DNA Sequencing Gels

Buffers and gel solutions

The table below is used by our lab, and is sufficient for a standard 35 x 43 cm x 0.4 mm gel (we use the Owl boxes). The Long Ranger solution comes with a troubleshooting guide; a few of the electrophoresis parameters that have been demonstrated important for us are listed below.

Long Ranger Gels

	5% in 1X TBE	5% in 1.2X TBE	6% in 1X TBE
urea	40.4 g	40.4 g	40.4 g
TBE	13.3 ml 6X (8 ml 10X)	16 ml 6X (9.6 ml 10X)	13.3 ml 6X (8 ml 10X)
Long Ranger (50%)	8 ml	8 ml	9.6 ml
water	30.5 ml (35.8 ml)	27.8 ml (34.2 ml)	28.9 ml (34.2 ml)
ammonium persulfate	70 mg	70 mg	70 mg

1. Mix to dissolve urea, filter through Whatman 3MM filter or equivalent.
2. Add 25 ul TEMED, and pour gel.

1. For maximum base reads, use 1.2X TBE in the gel and 0.6X TBE as the electrophoresis buffer.
2. Run gels at 55 W. Wattage must not exceed 55-60 W even with large 40 x 40 cm plates or a temperature of 50 C.
3. A 10 min prerun is sufficient
4. Maintain gel temperature between 40-50 C.
5. Do not heat samples excessively during denaturation step. 2 min at 75 C is enough, and it is not necessary to heat again prior to a second or third loading.
6. We have had the best results with 4.5 and 2 hour runs, at 55 W.

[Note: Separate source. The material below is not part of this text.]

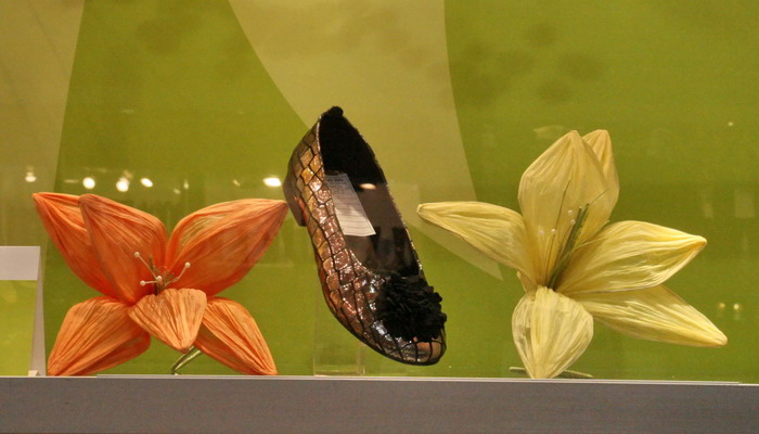Еще один излюбленный способ декорирования стенда — помещение товара в природную среду или среду использования. Создается ощущение натуральности обуви и ее органичности природе.
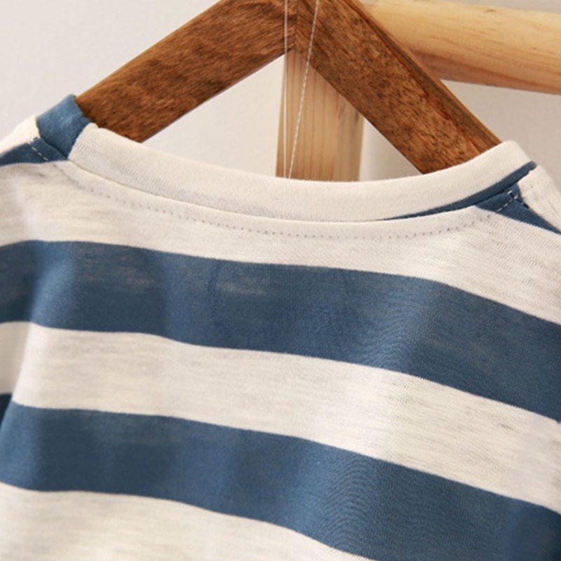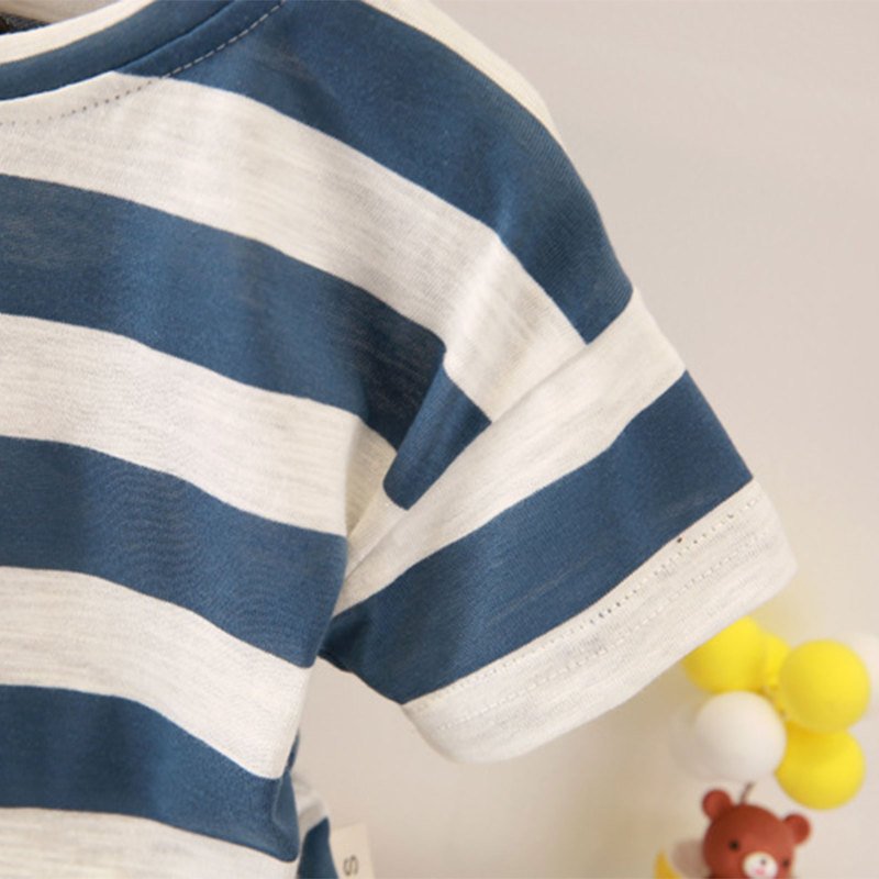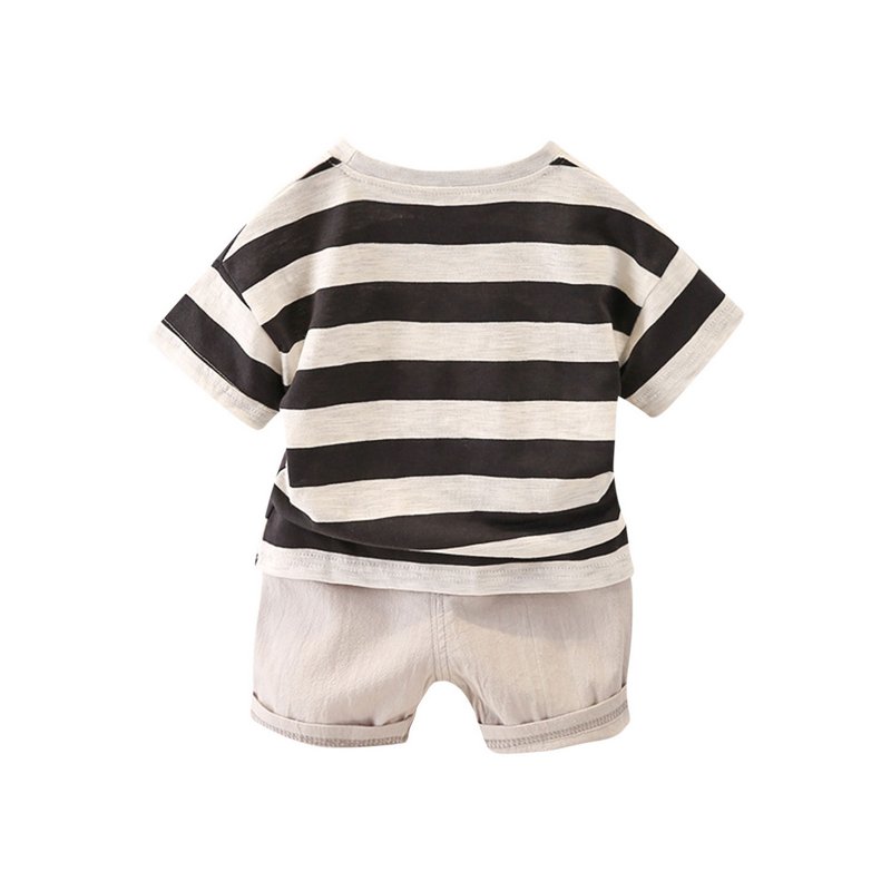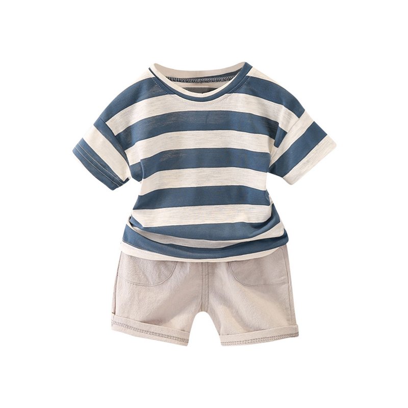 Kids Boys Casual Round Neck Short Sleeves Wide Stripe T-Shirt And Shorts Set

Older (pre-Long Ranger Gels) Method

164.0 g Tris-OH

27.5 g Boric Acid

7.45 g disodium EDTA

water to 1 l

Acrylamide stock

38% Acrylamide

2% bis-acrylamide

Gels (volume is for standard size sequencing gels)

8% gel:

40.4 g urea

27.0 ml water

16.8 ml 38/2 acrylamide

8.0 ml EB

6% gel:

40.4 g urea

31.2 ml water

12.6 ml 38/2 acrylamide

8.0 ml EB

5% gel:

40.4 g urea

33.5 ml water

10.5 ml 38/2 acrylamide

8.0 ml EB

Dissolve by heating slightly, degas if necessary. Add 0.7 ml 10% ammonium persulfate, and 25 ul TEMED, and pour gel immediately.